I see various figures thrown about as to how much unstructured data is produced, stored etc by people; often it is this data which people believe can be deduped,ILMed, migrated, compressed etc. This is often expressed as a percentage of the total data stored by a company, is it 10%, 15, 20%, 30% + but how much is there?
I suspect very few people really know; for example, nearly all of my unstructured data sits on my laptop hard-drive; a great deal of it is my offline mail folders, I'm a fairly heavy mail-user and probably have 2-3 gigs of PST file generated over three years. Documents, another couple of gigs; so I suspect all-in-all I have less than about 10 gigs of unstructured data and I suspect that I'm way above average in our company. Even if I was average, I'd only be really be looking at 150 terabytes of data and to be honest, that is less than 5% of our total storage estate.
Logs for various systems; should be compressed by default and we know logs generally compress really well. But we've had cron-jobs etc for years which rotate logs, compress them etc. So we need to keep them for longer and longer periods of time but even so we should be able to get that sort of stuff onto the right tier of disk straight away.
So what other unstructured data might people be storing; okay, I work for a media company and we have wodges of the stuff but that's slightly unusual.
I wonder how much unstructured stuff there really is? Any thoughts? And of the unstructured stuff which users are storing, how much really belongs on the corporate storage in first place?
This is purely the anecdotal musings of a storage manager but what are the real figures?
Financial services company.
~3,000 users.
10 TB.
We keep a pretty close eye out for MP3 and other non-business media files.
One question i’d ask in all this ‘unstructured data ZBs’ is… “how much of the unstructured data is unique and couldn’t be reconstituted?”
eg PVRs & IPODs etc are often quoted as hcing a massive total storage – yet most of it is duplicated and can be recovered from master media libraries (if the will is there).

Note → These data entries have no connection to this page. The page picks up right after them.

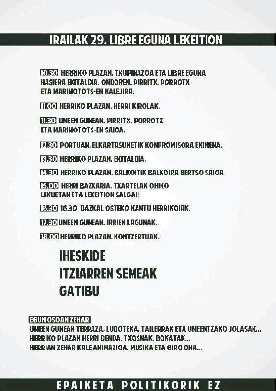 Irailak 29 (domeki) LIBRE egune LEKEITIOn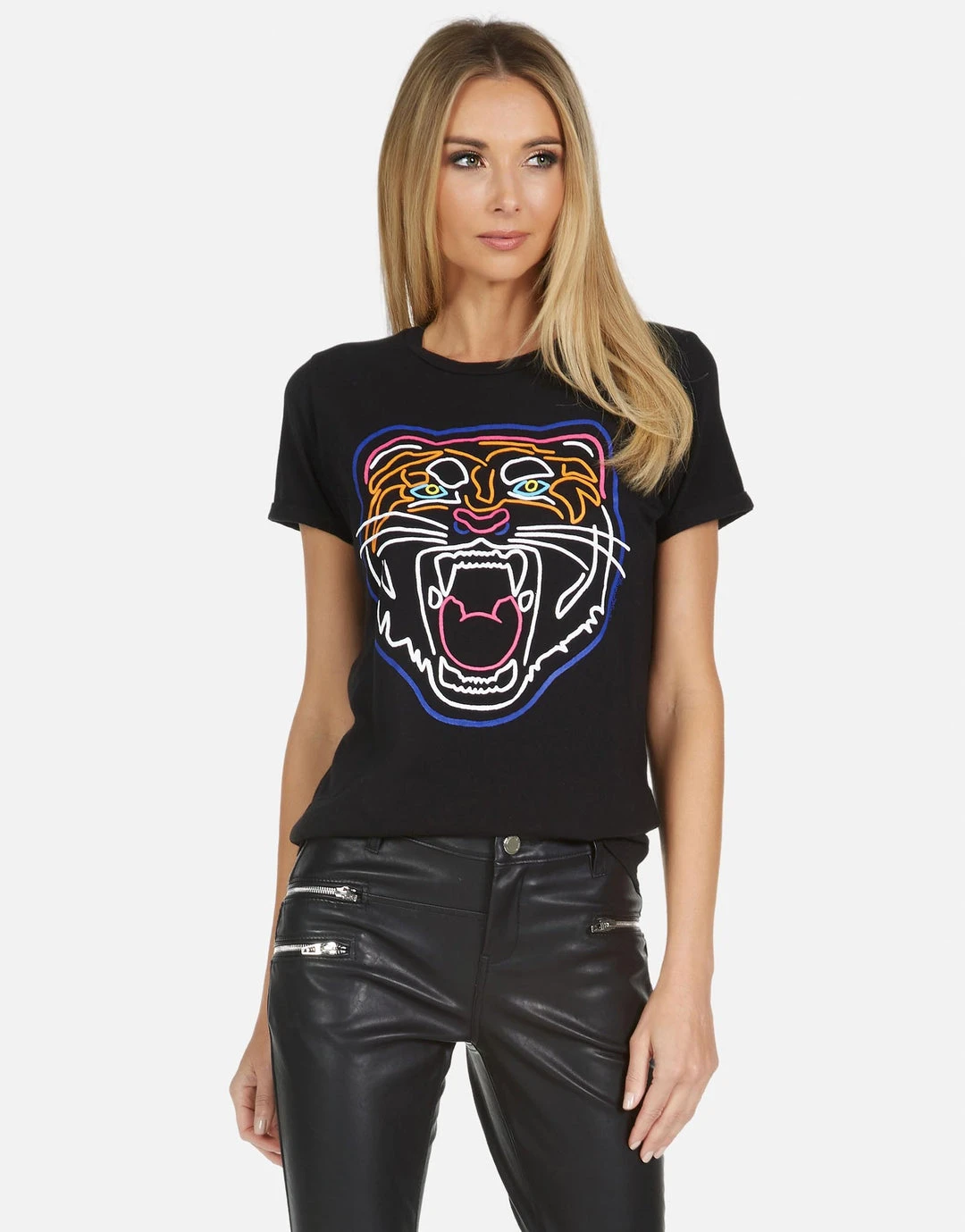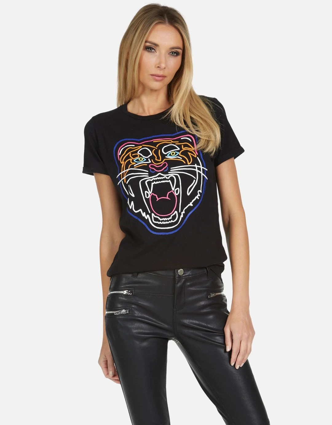 Neon Tiger on Ultra Soft Lightweight Tee in Black by Lauren Moshi.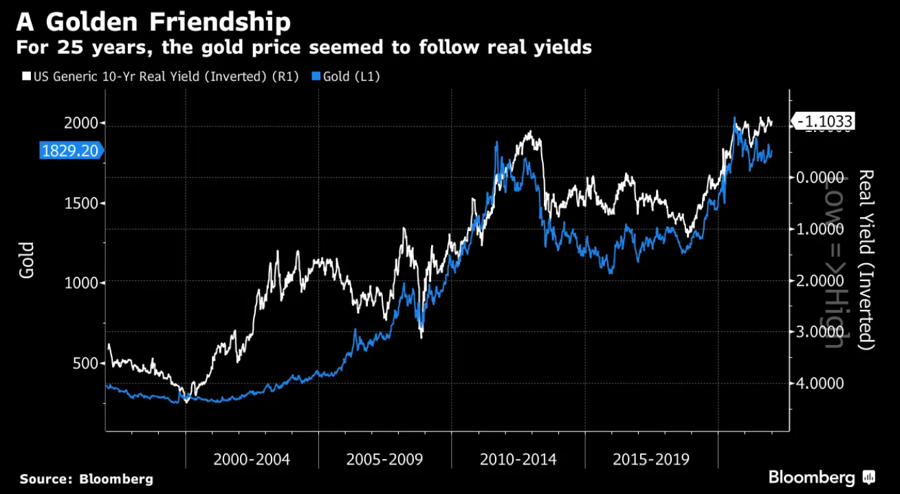 John Luke: For years, the price of gold followed closely along with real yields

Similarly real-time transcoding helps a lot here…
CCTV – yes that is generating a lot of unique data, but little easily accessible information…

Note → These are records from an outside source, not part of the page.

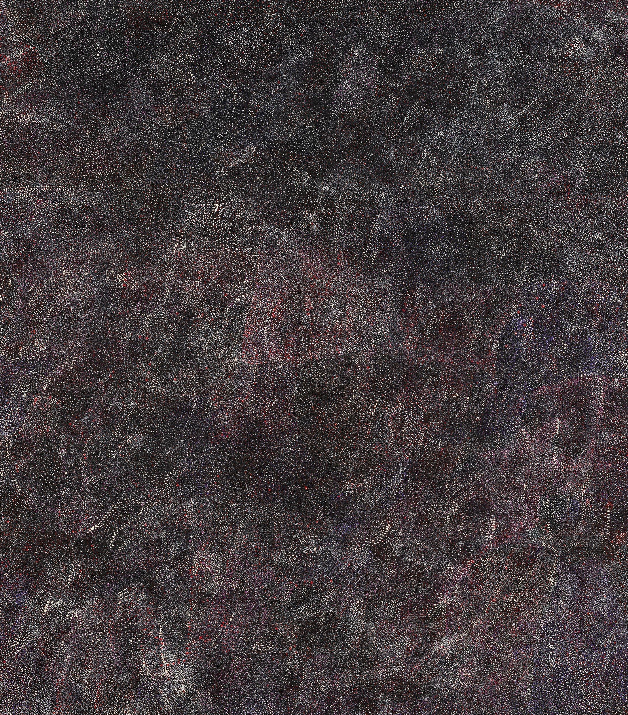 Layer upon layer of fine dotting subtly reveals the underlying structure below. Earthy pinks and ochres form undulating, shifting fields. Touches of red and yellow ochre, and highlights of black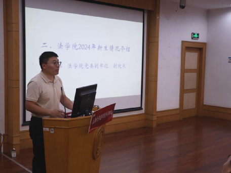 党委副书记、副院长于伟老师介绍了2024年77779193永利官网本科生与研究生的新生情况。2024年,77779193永利官网共迎来了327名新生。青年向上,国家向前。希望这327名新生能够尽快融入77779193永利官网的大家庭,并秉承77779193永利官网维理尚法,恪正克坚的院训精神,励志笃学,铭记使命,做一名温和而又坚定的法律人!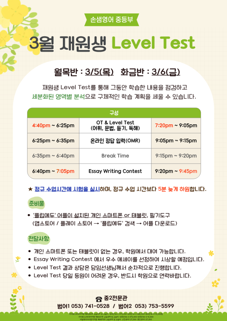 [손샘영어] 중2 전문관 3월 재원생 Level Test 안내문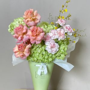 Floraison Vert is a romantic bouquet wrapped in Espoir's signature cone arrangement — a perfect harmony of pink roses, green hydrangeas, white and blush carnations, and cheerful yellow orchids. Designed for gifting, celebration, or personal indulgence, this arrangement reflects the grace and freshness of spring. Enjoy online flower delivery UAE-wide, with same-day service in Abu Dhabi and next-day delivery to Dubai, Sharjah, and Al Ain.

I’d wager that for most large companies (ie those dealing in 10s PB today) their structured data is far larger than the unstructured data (certainly is in mine).
So to me the Q is – why can’t we make it easier for user storage to be CDN like caches of master content with changes/deltas held as ‘user end delta changes’ (eg kind like the central master with user owned writeable snapshots’… Would certainly make a lot qty of data storage reduce…

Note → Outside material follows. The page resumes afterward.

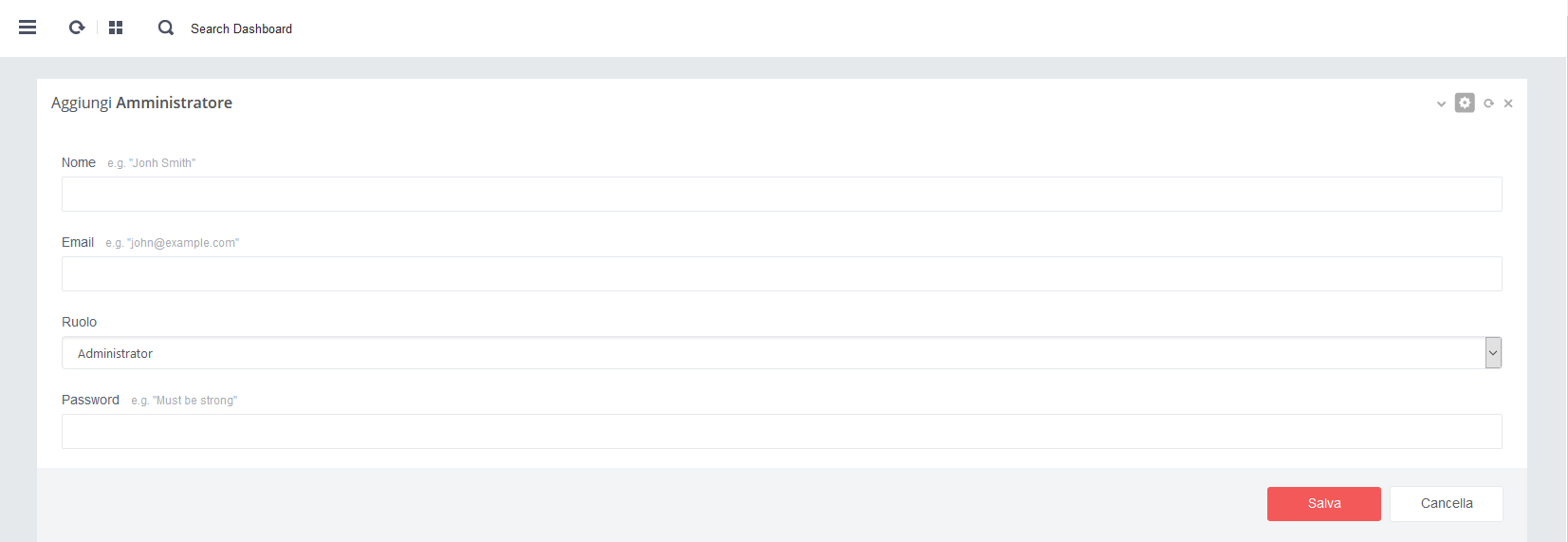 - A. Click su pulsante verde "Aggiungi Amministratore"

Now the topic of user generated content (eg pictures/videos etc) is a whole other topic!
I’d also wager that a large % of a business user’s personal unstructured data is an informal ‘local cache’ of data to compensate for issues with accessibility of the central store…
We need to focus on prevention at the information layer rather than band-aids at the data layer…
Ian, when you guys fix the bandwidth issues to the home, we’ll fix the content on demand thing..(I’m pretending that we’re not an ISP and it’s our problem as well).
Fibre to every house!! That’d change things somewhat!
Well, you hit on one of the 2 biggest questions on my mind (the other is utilization rates, but that’s for another day).
Question #1 is: what do you count? Is this a datacenter or do we include all the zillions of hard drives that we all have in support of companies. Some verticals have massive amounts of unstractured data. Include healthcare, media, science and engineering, oil and gas, finance, insurance, etc. I read once that a single “crash test dummy” test generates aver 10TB (dummies create more data than we do!). As hospitals and medical research centers digitize, that’s a bunch of data, too. And how about all these websites with their billions of html files. YouTube, Flickr, and every TV/radio station in the world that keeps their coverage and shows online…it boggles the mind (then again, mine boggles easily).
But the question is valid. All I know is it is A LOT. Is that definitive enough?